Transcription API Quickstart

Accounts & Credentials

Create SaladCloud Account

To start, visit https://portal.salad.com/ to log in or create a free account. New users receive 5 free audio hours to transcribe at no cost!

Watch our quick tutorial on how to use your free credits effectively.

Create SaladCloud Organization

Next, create a new organization or select an existing one you’d like to use for transcription. Click on Switch to this Organization for the org you want to use.

Get Transcription API URL

Then, click on Inference Endpoints in the left-hand nav and open up the Transcription API.

Copy your Transcription API URL

Authentication

Copy your SaladCloud API key from your account here.

API Reference

Example cURL Post Transcript

curl -X POST https://api.salad.com/api/public/organizations/{my-organization}/inference-endpoints/transcribe/jobs \
   -H "Salad-Api-Key: {your-api-key}" \
   -H "Content-Type: application/json" \
   -d '{
      "input": {
         "url": "https://example.com/path/to/file.mp3",
         "language_code": "en",
         "return_as_file": false,
         "sentence_level_timestamps": "true"
         "word_level_timestamps": false,
         "diarization": false,
         "sentence_diarization": true,
         "srt": false,
         "translate": "",
         "summarize": 50,
         "llm_translation": "french, german, portuguese",
         "srt_translation": "spanish, Hindi",
         "custom_prompt": "",
         "custom_vocabulary": ""
      },
    "webhook": {your webhook url},
	  "metadata": {
      "my-job-id": 1234
      }
   }'

Fill in the file link instead of “https://example.com/path/to/file.mp3”
Optional : replace {your webhook url} with webhook url if needed.
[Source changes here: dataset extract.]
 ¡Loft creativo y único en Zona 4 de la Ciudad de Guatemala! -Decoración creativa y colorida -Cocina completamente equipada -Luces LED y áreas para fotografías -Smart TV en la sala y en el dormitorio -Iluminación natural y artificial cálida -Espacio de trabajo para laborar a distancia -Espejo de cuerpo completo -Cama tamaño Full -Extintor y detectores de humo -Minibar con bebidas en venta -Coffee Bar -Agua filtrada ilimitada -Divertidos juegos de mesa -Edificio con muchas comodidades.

If not, remove the line.

Webhook is a method that enables application to transmit data to another application immediately upon the occurrence of an event. Instead of having your application periodically poll for updates, a webhook delivers data to a specified URL as soon as the event occurs, facilitating instant communication and minimizing latency. In our case transcription result gets sent to the webhook.
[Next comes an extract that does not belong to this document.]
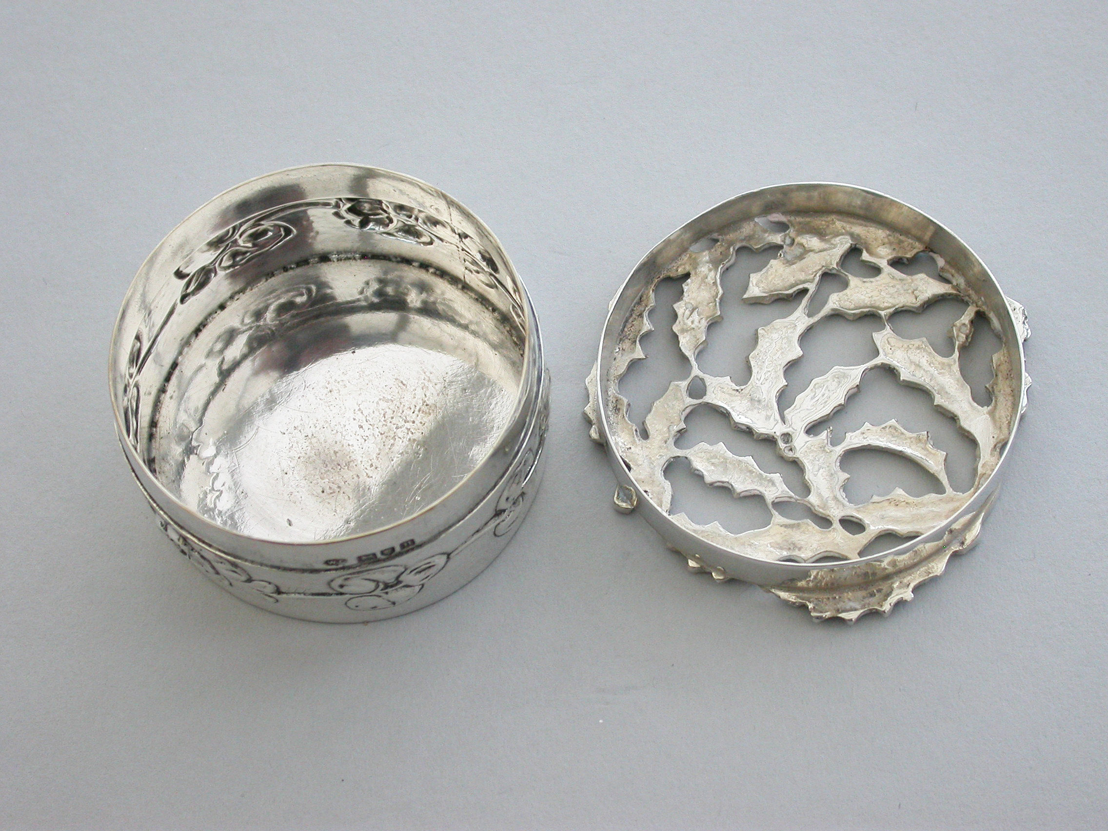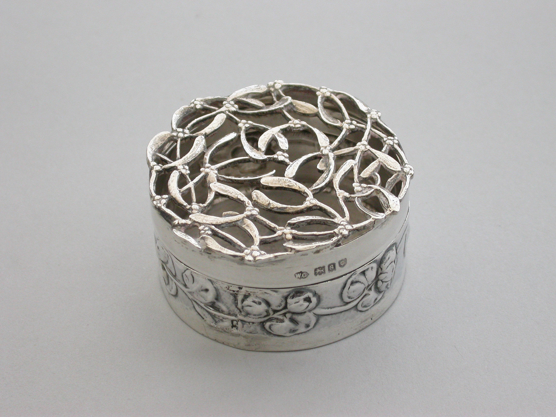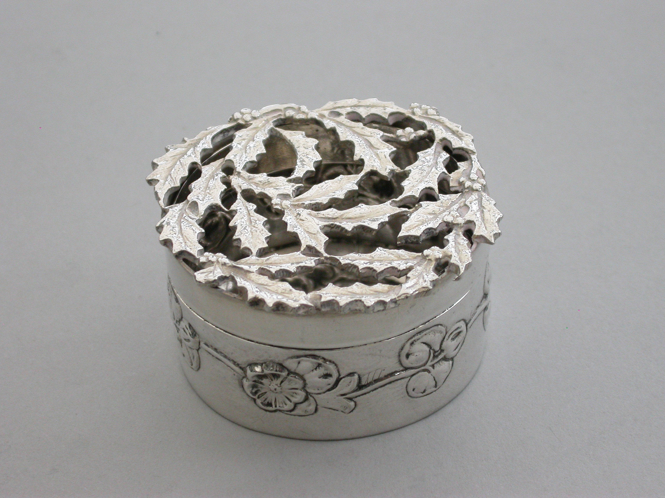 An Edwardian Art Nouveau silver Christmas themed Pot Pourri Box of circular form with pull-off cover, the base embossed with a band of trailing convolvulus flowers. The cover with pierced top depicting fronds of holly.

Example cURL Get Transcript

curl https://api.salad.com/api/public/organizations/{my-organization}/inference-endpoints/transcribe/jobs/54e84442-3576-45ca-904c-a1d90bc77baf \
   -H "Salad-Api-Key: {your-api-key}"

Step1 | Configure Header

Configure you header to include your unique SaladCloud API URL which can be found above as the variable “API URL”. Also include your unique SaladCloud API key which can be found here as the variable “Salad-Api-Key”.
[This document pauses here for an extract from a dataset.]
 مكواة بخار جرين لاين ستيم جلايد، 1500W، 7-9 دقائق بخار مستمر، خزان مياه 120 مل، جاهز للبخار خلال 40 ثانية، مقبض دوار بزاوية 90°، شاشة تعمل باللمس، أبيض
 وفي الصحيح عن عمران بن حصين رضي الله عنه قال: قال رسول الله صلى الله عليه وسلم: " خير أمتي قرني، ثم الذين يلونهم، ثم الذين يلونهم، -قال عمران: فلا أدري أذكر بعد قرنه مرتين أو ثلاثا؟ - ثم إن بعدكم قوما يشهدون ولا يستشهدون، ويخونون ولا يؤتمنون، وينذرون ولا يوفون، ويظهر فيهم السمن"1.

Step 2 | Set Input Parameters

To find more information about each parameter, please, visit “Features” option in the menu on the left.

Update the JSON input parameters to customize your transcription output.

”url”

The url parameter should be a downloadable link to your audio or video file. We recommend using a file service like AWS S3, Azure Blob Storage, Dropbox, or Google Drive that offers secure, downloadable links. For instructions on how to generate downloadable links for these services, please refer to How to Create Downloadable File Links

Send media in any of these formats.

Audio: AIFF, FLAC, M4A, MP3, WAV Video: MKV, MOV, WEBM, WMA, MP4 (most codecs), AVI

”return_as_file”

Set to true to receive the transcription output as a downloadable file URL. This is useful for large outputs. Default is false.

“language_code”

Transcription is available in 97 languages. We automatically identify the source language. “language_code” need to be specified only if diarization is required.

“sentence_level_timestamps”

Sentence level timestamps are returned on default. Set to false if not needed.

“word_level_timestamps”

Set to “true” for word level timestamps. Set to “false” on default.

“diarization”

Set to “true” for speaker separation and identification. If you don’t require it, set it to “false”.

Diarization requires the language_code to be defined. By default, it is set to "en" (English).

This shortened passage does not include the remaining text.